**PROMPT:** In the copy, keep every word of the data below and none of its pictures.

**COLLECTED MATERIAL:**
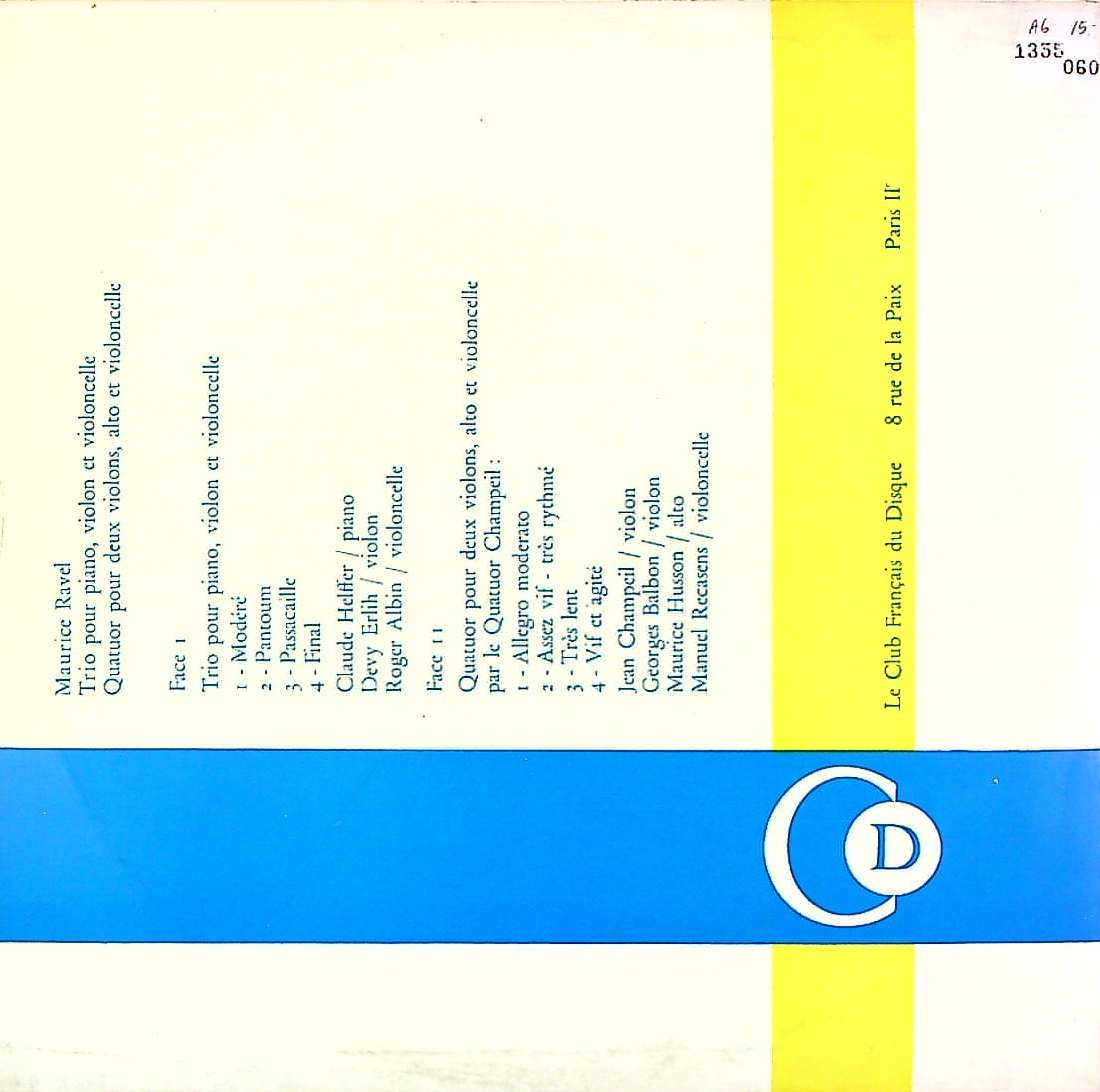 商品コード:1355-060b[Club Français] C.エルフェ(pf) D.エルリ(vn) R.アルバン(vc)/シャンペイユQt. / ラヴェル:Pfトリオ, 弦楽四重奏曲
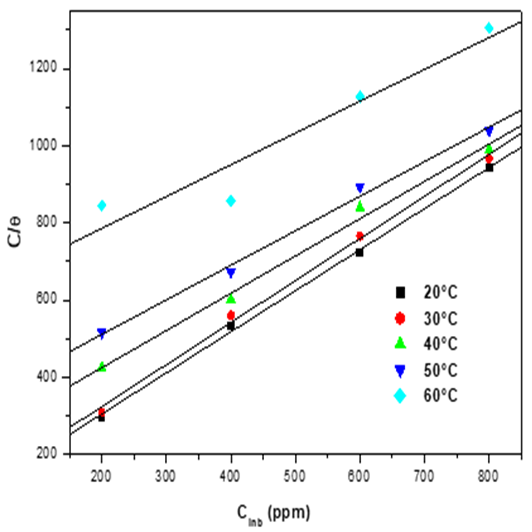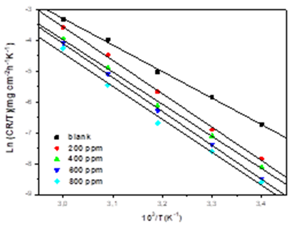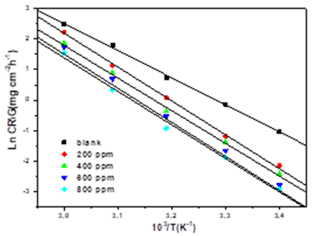 The further rise in temperature, decreased the inhibition efficiency showing a phenomenon of the quick desorption of adsorbed inhibitor molecules from the surface (Table 2), the protective layer formed on the surface of the steel by adsorption of the plant extract is destroyed and is no longer resistant. Generally, the effect of temperature on the inhibited acid-metal reaction is very complex, because many changes occur on the metal surface such as rapid etching and desorption of inhibitor and the inhibitor itself may undergo decomposition [27,28]. According to Ammar et al. [29], this phenomenon was explained by the high sensitivity of the Van Der Waals-type physical interactions between the iron surface and the inhibitor. Table 3 shows the obtained values of percentage inhibition (IEW), corrosion rate (CR) and surface coverage (θ) are summarized in Table 2 at different temperatures.
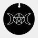 Mit diesem runden Weihnachtsschmuck mit einem auffallenden, weißen Triple Moon Pentagramm und einem fett schwarzen Hintergrund fügt sich Ihr Urlaubsstil in eine Touch himmlischer Magie ein. Das Tripelmondsymbol, das den Maiden, die Mutter und den Krone repräsentiert, ist ein mächtiges Emblem der Göttin und der zyklischen Beschaffenheit des Lebens und macht dieses Ornament zu einer sinnvollen Ergänzung der Hexensammlung. Dieses Ornament ist perfekt für diejenigen, die Wicca, Hexerei oder heidnische Traditionen praktizieren, und symbolisiert wunderbar die Mondphasen und die Verbindung zur göttlichen Weiblichkeit. Es ist ein ideales Geschenk für jeden, der sich die Geheimnisse der Mondphasen zu eigen macht, die Göttin ehrt oder die Schönheit der Magie in ihrem Leben feiert. Dieses bezaubernde Ornament verbindet das Mystische mit dem Festlichen und macht es zu einer einzigartigen Dekoration für Ihren Weihnachtsbaum oder heiligen Platz. Ob Sie eine Hexe, ein Heide oder einfach jemand, der die spirituelle Symbolik schätzt, dieses Stück fügt der Ferienzeit eine Touch Magie hinzu.
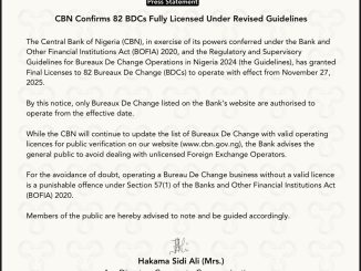 CBN Confirms 82 BDCs Fully Licensed Under Revised Guidelines. #CBN https://x.com/cenbank/status/1998097977718800855?t=zVM2toZ3vr6GJ3yqz2zyXw&s=19 2 Likes Share

**OUTPUT:**
 商品コード:1355-060b[Club Français] C.エルフェ(pf) D.エルリ(vn) R.アルバン(vc)/シャンペイユQt. / ラヴェル:Pfトリオ, 弦楽四重奏曲
 The further rise in temperature, decreased the inhibition efficiency showing a phenomenon of the quick desorption of adsorbed inhibitor molecules from the surface (Table 2), the protective layer formed on the surface of the steel by adsorption of the plant extract is destroyed and is no longer resistant. Generally, the effect of temperature on the inhibited acid-metal reaction is very complex, because many changes occur on the metal surface such as rapid etching and desorption of inhibitor and the inhibitor itself may undergo decomposition [27,28]. According to Ammar et al. [29], this phenomenon was explained by the high sensitivity of the Van Der Waals-type physical interactions between the iron surface and the inhibitor. Table 3 shows the obtained values of percentage inhibition (IEW), corrosion rate (CR) and surface coverage (θ) are summarized in Table 2 at different temperatures.
 Mit diesem runden Weihnachtsschmuck mit einem auffallenden, weißen Triple Moon Pentagramm und einem fett schwarzen Hintergrund fügt sich Ihr Urlaubsstil in eine Touch himmlischer Magie ein. Das Tripelmondsymbol, das den Maiden, die Mutter und den Krone repräsentiert, ist ein mächtiges Emblem der Göttin und der zyklischen Beschaffenheit des Lebens und macht dieses Ornament zu einer sinnvollen Ergänzung der Hexensammlung. Dieses Ornament ist perfekt für diejenigen, die Wicca, Hexerei oder heidnische Traditionen praktizieren, und symbolisiert wunderbar die Mondphasen und die Verbindung zur göttlichen Weiblichkeit. Es ist ein ideales Geschenk für jeden, der sich die Geheimnisse der Mondphasen zu eigen macht, die Göttin ehrt oder die Schönheit der Magie in ihrem Leben feiert. Dieses bezaubernde Ornament verbindet das Mystische mit dem Festlichen und macht es zu einer einzigartigen Dekoration für Ihren Weihnachtsbaum oder heiligen Platz. Ob Sie eine Hexe, ein Heide oder einfach jemand, der die spirituelle Symbolik schätzt, dieses Stück fügt der Ferienzeit eine Touch Magie hinzu.
 CBN Confirms 82 BDCs Fully Licensed Under Revised Guidelines. #CBN https://x.com/cenbank/status/1998097977718800855?t=zVM2toZ3vr6GJ3yqz2zyXw&s=19 2 Likes Share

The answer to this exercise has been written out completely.